— SOURCE MATERIAL —
Content starts

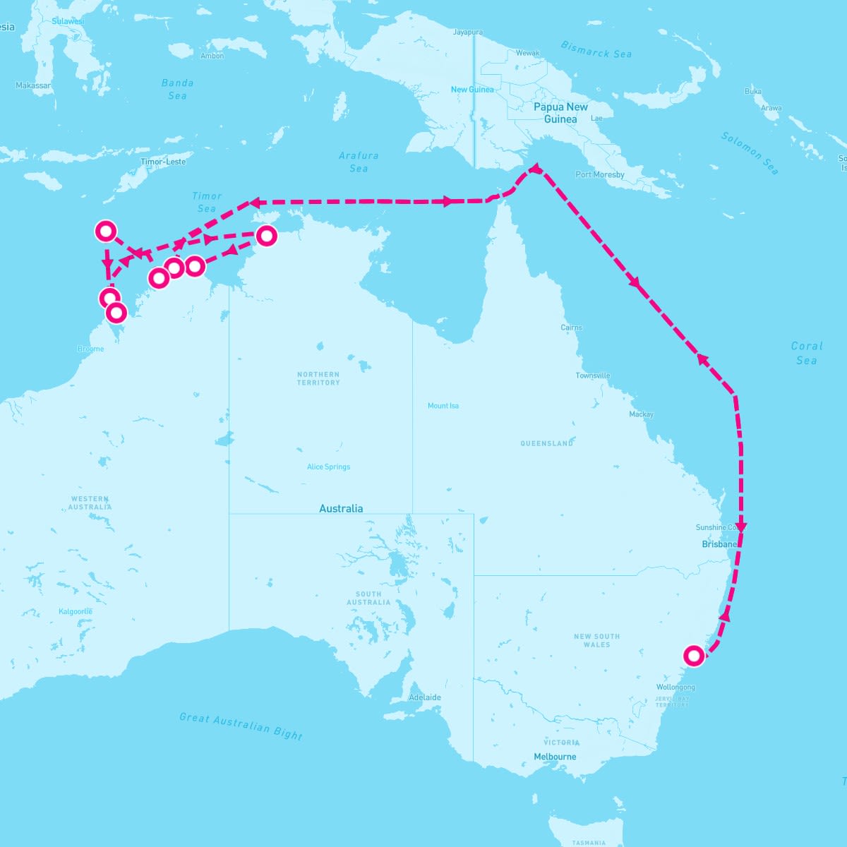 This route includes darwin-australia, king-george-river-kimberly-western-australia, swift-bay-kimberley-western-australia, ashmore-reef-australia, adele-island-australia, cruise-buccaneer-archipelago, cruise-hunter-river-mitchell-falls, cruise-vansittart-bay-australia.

Content ends
Content starts

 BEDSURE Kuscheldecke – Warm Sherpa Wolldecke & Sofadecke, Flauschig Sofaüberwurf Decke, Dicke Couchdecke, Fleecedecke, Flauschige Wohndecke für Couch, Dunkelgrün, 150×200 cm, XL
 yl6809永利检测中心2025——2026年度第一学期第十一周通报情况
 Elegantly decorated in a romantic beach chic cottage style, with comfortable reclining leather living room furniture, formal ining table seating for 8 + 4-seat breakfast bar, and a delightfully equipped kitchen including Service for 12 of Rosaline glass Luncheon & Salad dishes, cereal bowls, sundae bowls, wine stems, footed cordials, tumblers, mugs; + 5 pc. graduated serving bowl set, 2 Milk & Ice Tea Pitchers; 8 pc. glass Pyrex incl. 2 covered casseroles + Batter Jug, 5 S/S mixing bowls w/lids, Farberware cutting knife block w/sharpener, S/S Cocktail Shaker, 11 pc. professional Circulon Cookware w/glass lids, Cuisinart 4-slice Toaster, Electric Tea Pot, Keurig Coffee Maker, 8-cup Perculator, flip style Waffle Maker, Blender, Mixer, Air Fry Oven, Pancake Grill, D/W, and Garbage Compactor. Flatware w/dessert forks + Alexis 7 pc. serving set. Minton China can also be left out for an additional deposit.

Content ends

— WORK INSTRUCTIONS —
In the listing above, find the line with "BEDSURE Kuscheldecke –" and the line with "yl6809永利检测中心2025——2026年度第一学期第十一周通报情况", then print exactly those two lines and every line between them, and nothing more.

— SOLUTION TO THIS PROBLEM —
 BEDSURE Kuscheldecke – Warm Sherpa Wolldecke & Sofadecke, Flauschig Sofaüberwurf Decke, Dicke Couchdecke, Fleecedecke, Flauschige Wohndecke für Couch, Dunkelgrün, 150×200 cm, XL
 yl6809永利检测中心2025——2026年度第一学期第十一周通报情况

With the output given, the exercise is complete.